In most recent studies, Head Mounted Displays (HMDs) were used in order to immerse patients in a virtual environment. Thus, from semi-immersive gaming platforms we reached to explore the effectiveness of fully immersive gaming, either in the form of a simulated bicycle (Xie et al. 2021) or as a therapeutic garden that represents patient’s health (Rutkofski et al.2021), there are endless possibilities for this technological revolutionary equipment.
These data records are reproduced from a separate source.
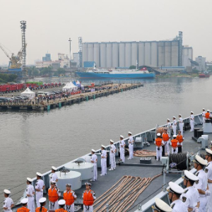 正在执行远海综合实习任务的中国海军989编队7日抵达印度尼西亚雅加达丹戎不碌港,开始对印度尼西亚进行为期4天的友好访问。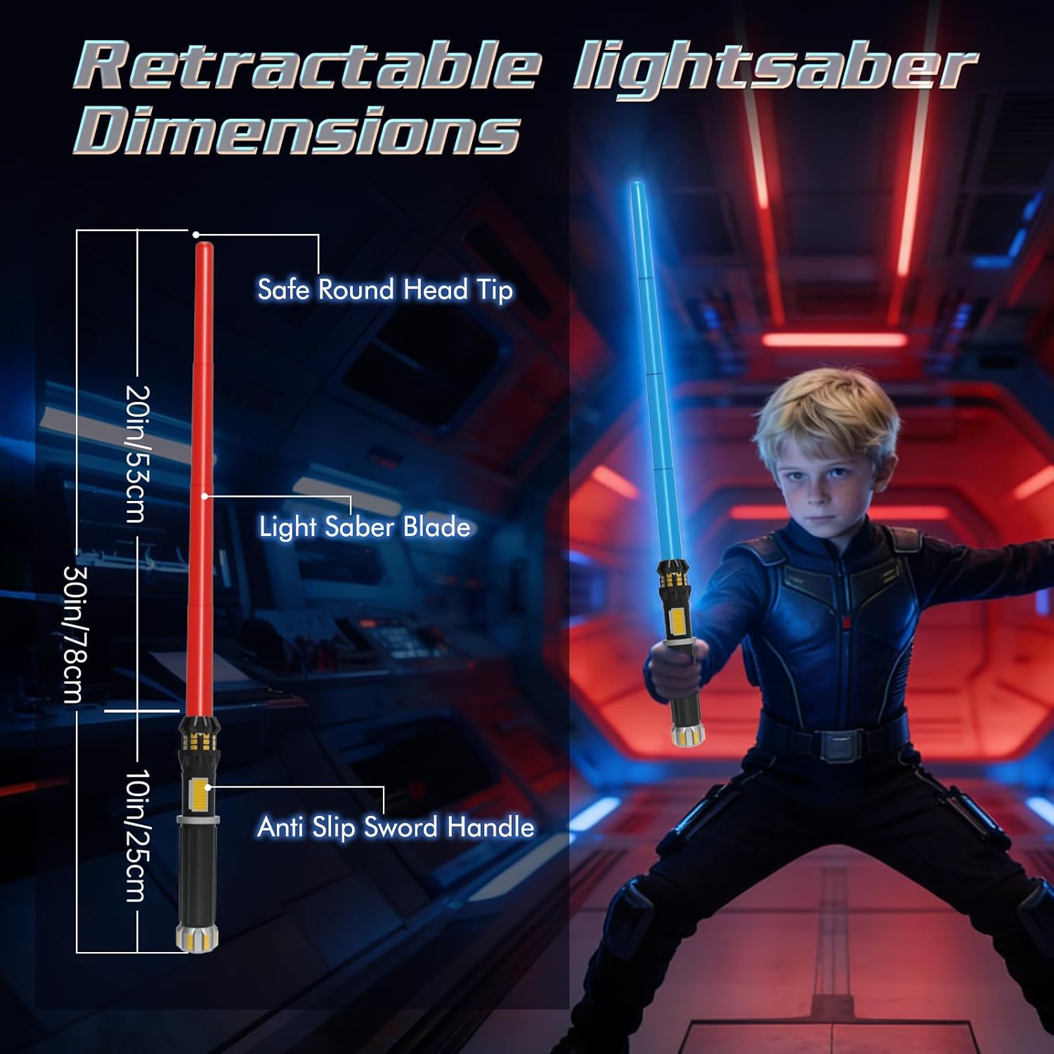 2-in-1 Set & Perfect Gift – Includes red and blue light up sabers. Packaged in an attractive gift-ready box, it’s ideal for parties, cosplay, holidays, and birthdays. This set makes an excellent Christmas gift for children.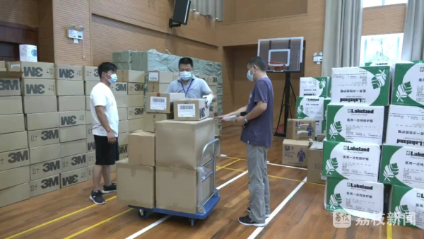 最近,扬州市一直组织居民进行大规模核酸检测,作为防疫抗疫的重要一环,相关医疗物资调配可谓时间紧任务急。今天上午,记者在邗江美琪学校的体育中心看到,偌大的场馆内已堆满了口罩、防护服、采样管等医用物资。邗江区发改委副主任严海东介绍:“每次核酸检测大概是300万的物资,需要100车。截止今天,我们邗江区发改委,采购了近4000万的物资,保障一线,任务量很重,我们都能够按照时间进度,指挥部的要求,及时分发到位。”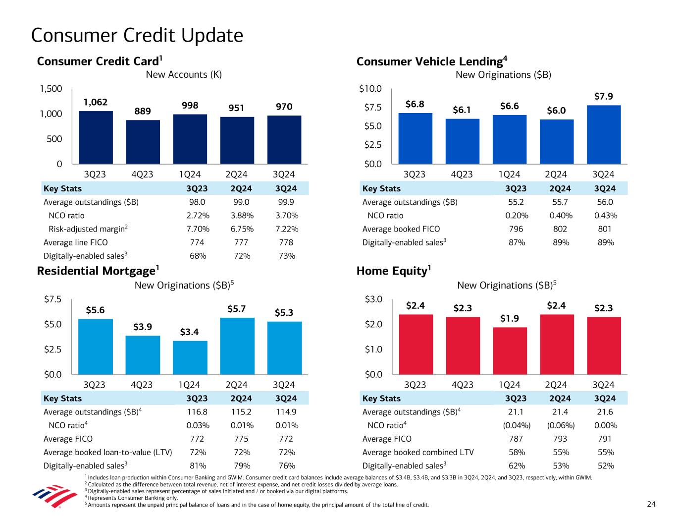 1,062 889 998 951 970 3Q23 4Q23 1Q24 2Q24 3Q24 0 500 1,000 1,500 Home Equity1 New Originations ($B)5 Consumer Credit Update 1 Includes loan production within Consumer Banking and GWIM. Consumer credit card balances include average balances of $3.4B, $3.4B, and $3.3B in 3Q24, 2Q24, and 3Q23, respectively, within GWIM. 2 Calculated as the difference between total revenue, net of interest expense, and net credit losses divided by average loans. 3 Digitally-enabled sales represent percentage of sales initiated and / or booked via our digital platforms. 4 Represents Consumer Banking only. 5 Amounts represent the unpaid principal balance of loans and in the case of home equity, the principal amount of the total line of credit. Consumer Vehicle Lending4 New Originations ($B) Consumer Credit Card1 New Accounts (K) 24 Residential Mortgage1 New Originations ($B)5 Key Stats 3Q23 2Q24 3Q24 Average outstandings ($B) 98.0 99.0 99.9 NCO ratio 2.72% 3.88% 3.70% Risk-adjusted margin2 7.70% 6.75% 7.22% Average line FICO 774 777 778 Digitally-enabled sales3 68% 72% 73% $6.8 $6.1 $6.6 $6.0 $7.9 3Q23 4Q23 1Q24 2Q24 3Q24 $0.0 $2.5 $5.0 $7.5 $10.0 Key Stats 3Q23 2Q24 3Q24 Average outstandings ($B) 55.2 55.7 56.0 NCO ratio 0.20% 0.40% 0.43% Average booked FICO 796 802 801 Digitally-enabled sales3 87% 89% 89% $5.6 $3.9 $3.4 $5.7 $5.3 3Q23 4Q23 1Q24 2Q24 3Q24 $0.0 $2.5 $5.0 $7.5 Key Stats 3Q23 2Q24 3Q24 Average outstandings ($B)4 116.8 115.2 114.9 NCO ratio4 0.03% 0.01% 0.01% Average FICO 772 775 772 Average booked loan-to-value (LTV) 72% 72% 72% Digitally-enabled sales3 81% 79% 76% $2.4 $2.3 $1.9 $2.4 $2.3 3Q23 4Q23 1Q24 2Q24 3Q24 $0.0 $1.0 $2.0 $3.0 Key Stats 3Q23 2Q24 3Q24 Average outstandings ($B)4 21.1 21.4 21.6 NCO ratio4 (0.04%) (0.06%) 0.00% Average FICO 787 793 791 Average booked combined LTV 58% 55% 55% Digitally-enabled sales3 62% 53% 52%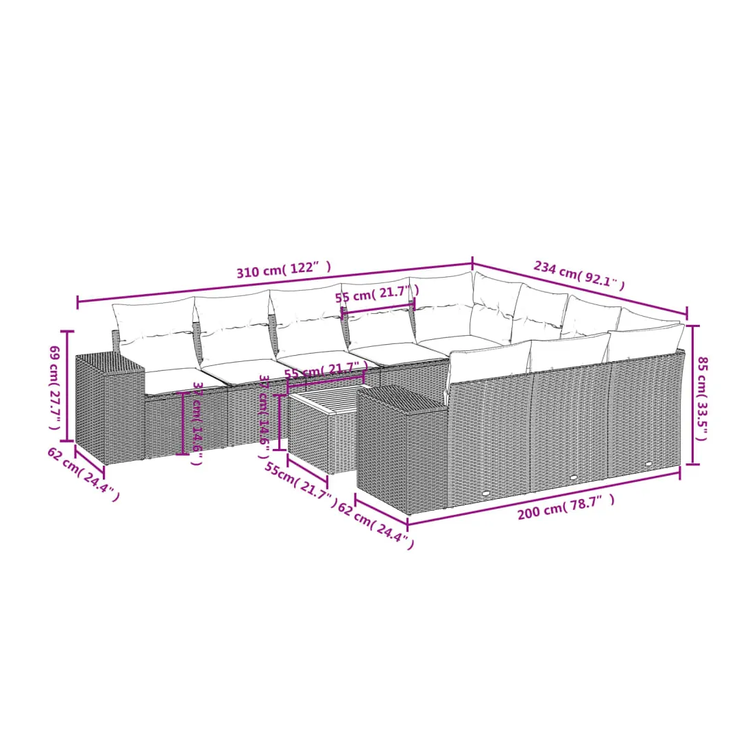 Cet ensemble de canapés de jardin est le complément parfait de votre arrière-cour, terrasse ou patio, offrant un espace confortable et accueillant pour discuter avec la famille et les amis ou simplement se détendre et profiter de l'extérieur. Matériau durable : la résine tressée, également connue sous le nom de poly rotin, est un matériau synthétique solide et nécessitant peu d'entretien qui ressemble au rotin naturel. Il est léger, facile à nettoyer et couramment utilisé pour les meubles d'extérieur en raison de sa durabilité et de ses propriétés de résistance aux intempéries.Dessus stable et facile à nettoyer : cette table de jardin a un dessus en bois d'acacia robuste, durable et facile à nettoyer avec un chiffon humide. Expérience d'assise confortable : ce mobilier d'extérieur, doté de coussins épais, offre une expérience d'assise confortable.Housse amovible et lavable : ces coussins de siège sont dotés de housses amovibles pour un lavage et un entretien faciles.Conception modulaire : cet ensemble de meubles d'extérieur a une conception modulaire, ce qui le rend complètement flexible et facile à déplacer, afin que vous puissiez créer un agencement de meubles d'extérieur personnalisé. Bon à savoir :Pour que vos meubles d'extérieur restent beaux, nous vous recommandons de les protéger avec une housse imperméable.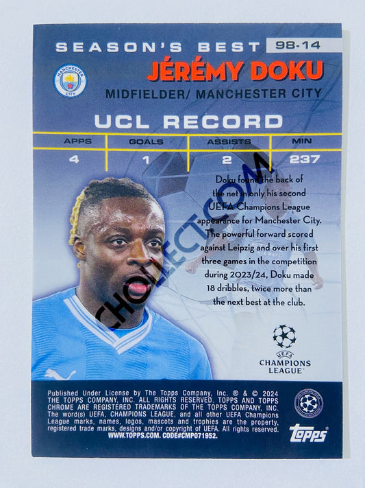 Jeremy Doku - Manchester City 2023-24 Topps Chrome UEFA Club Competitions Shooting Stars #98-14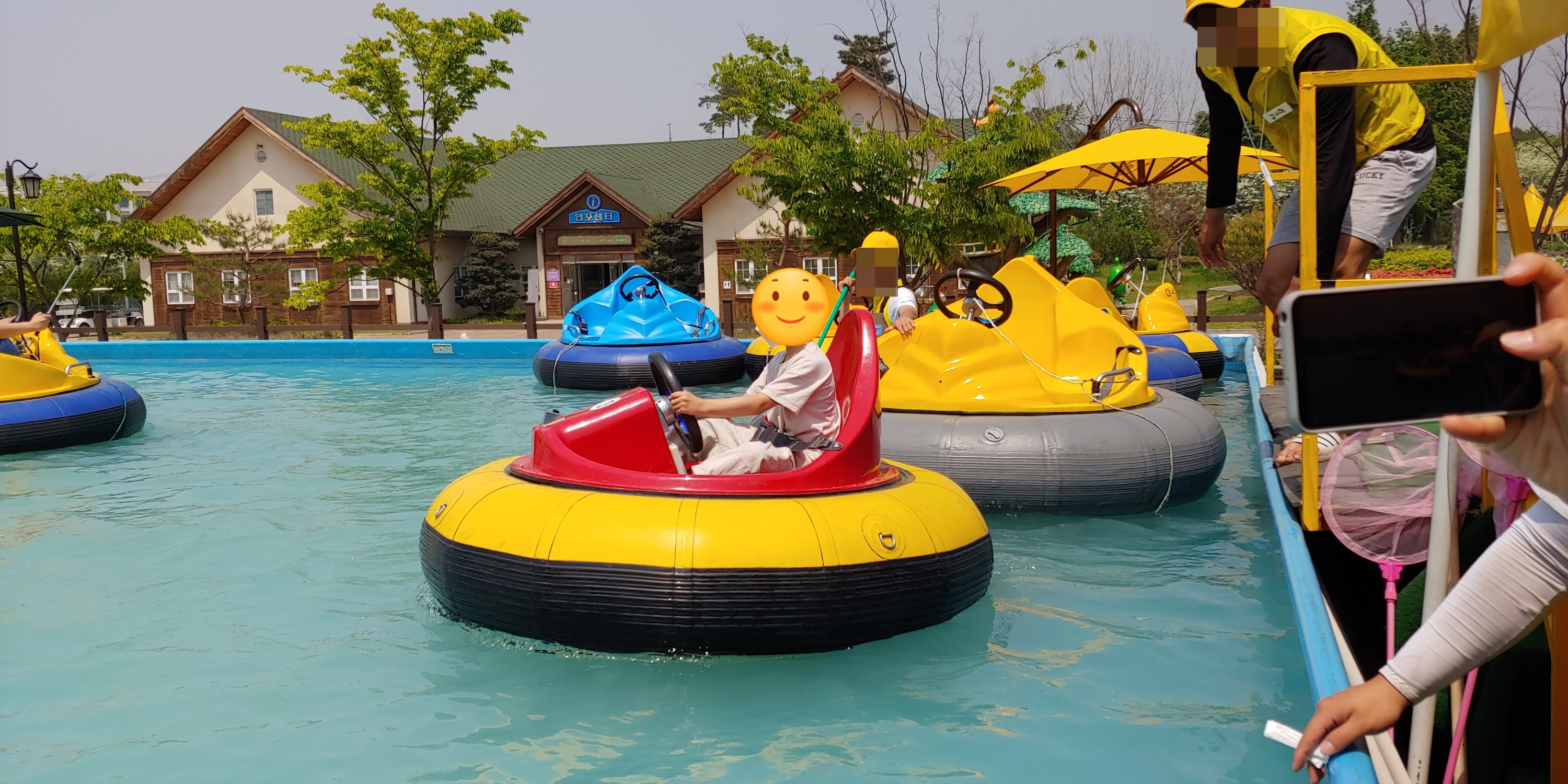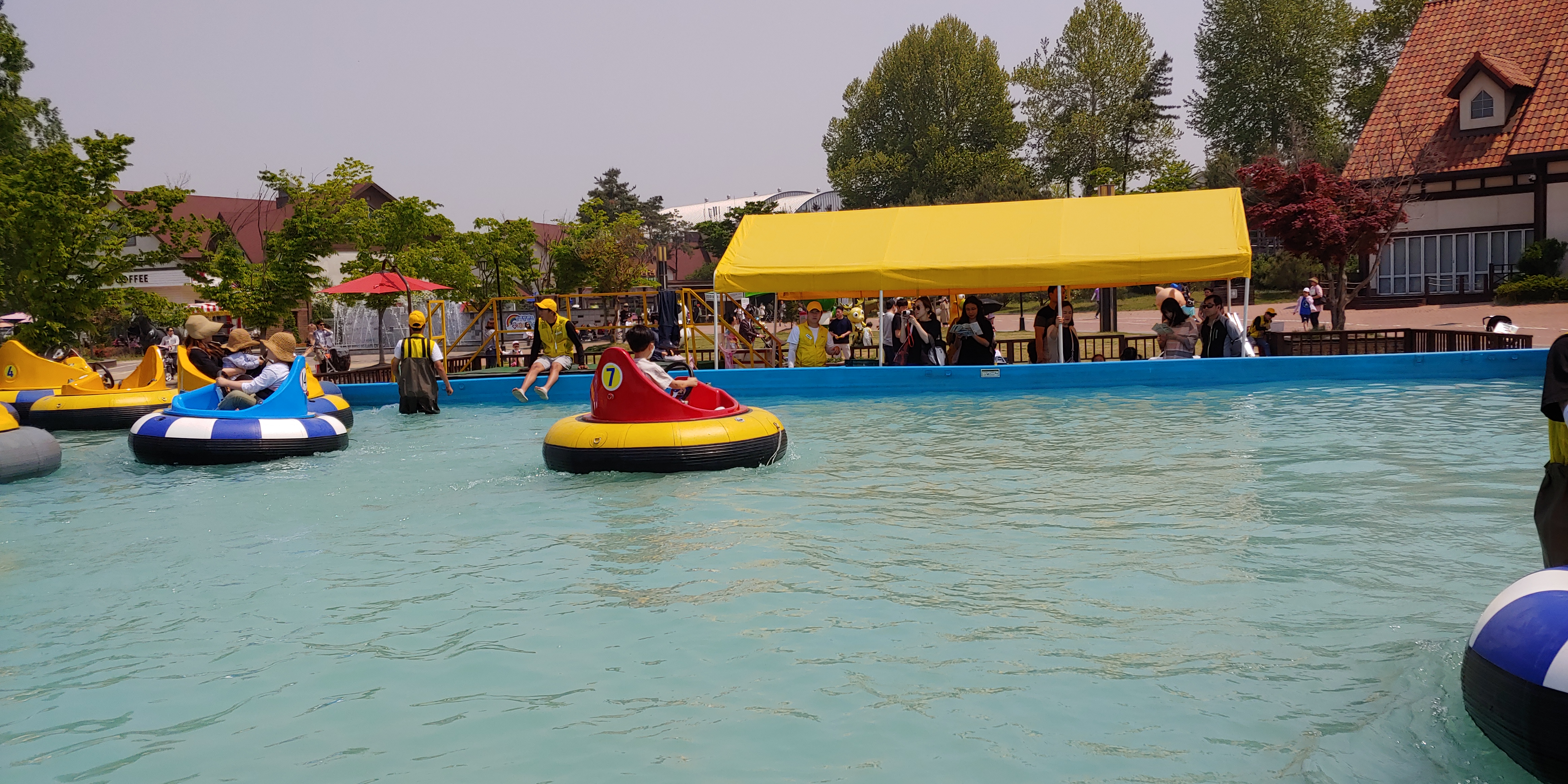 꼬마 자동차 바로 옆에 있는 워터 범퍼가 인기가 많았습니다

A fully description of the rehabilitation programs followed by the experimental groups are individually presented for each group (Table 3).
3.4 Intervention Comparability
All of the included studies were randomized, included a control group and an adequate number of individuals. Only one study had a relatively low number of participants (Suntanto et al. 2019), with most ranging between 20 to 30 per group. Sample size calculation was performed in all studies.
Although significant clinical heterogeneity was noted between the included studies attributed to: (a) differences in the technology used and variability in (b) intervention duration and (c) the outcomes assessed between studies, a quantitative synthesis was also performed where possible.
3.5 Effects of Interventions
3.5.1 Effect of VR-training on Exercise capacity (Figure 3).
The effect of VR-Training with or without other parallel interventions on 6MWT, calculated in meters, was evaluated in four studies (Mazzoleni et al. 2014; Rutkowski et al. 2019; Rutkowski et al. 2020; Suntanto et al. 2019) including 196 participants in total (Figure ). A mean difference [MD (95% CI) = 22.7 (19.92 to 25.63) m, favoring VR-Training with statistical significance (Z=15.66, p < 0.001) and no statistical heterogeneity (I2=0, p=0.7) was noted, based on a 7/10 Pedro-quality score on average (Table 1).
3.5.2 Effect of VR-Training on Pulmonary function (Figure 4).
The effect of VR-Training with or without other parallel interventions on FEV1%pred was evaluated by two studies (Rutkowski et al. 2021; Xie et al. 2021) including 110 participants in total (Figure ). A mean difference [MD (95% CI) = 4.56 % (1.64 to 7.49), favoring VR-Training with statistical significance (Z=3.06, p = 0.002) and minimal statistical heterogeneity (I2=4%, p=0.31) was noted, based on Pedro-quality evidence (Table 1).
3.5.3 Effect of VR-Training on Subjective Dyspnea (Figure 5)
The effect of VR-Training with or without other parallel interventions on the MRC dyspnea scale was evaluated by two studies (Mazzoleni et al. 2014; Suntanto et al. 2019) including 56 participants in total (Figure 2). A mean difference [MD (95% CI) = -0.06 (-0.36 to 0.24), with one study favoring VR-Training and the other having the opposite effect, overall not reporting statistical significance (Z=0.38, p = 0.7), however with no statistical heterogeneity (I2=0, p=0.32) was noted, based on Pedro-quality evidence (Table 1).
3.5.4 Psychological status
Anxiety and depression were evaluated in two studies (Mazzoleni et al 2019; Rutokofski et al. 2021) without reaching statistical significant changes between groups, although a significant reduction was noted in the VR intervention in both studies.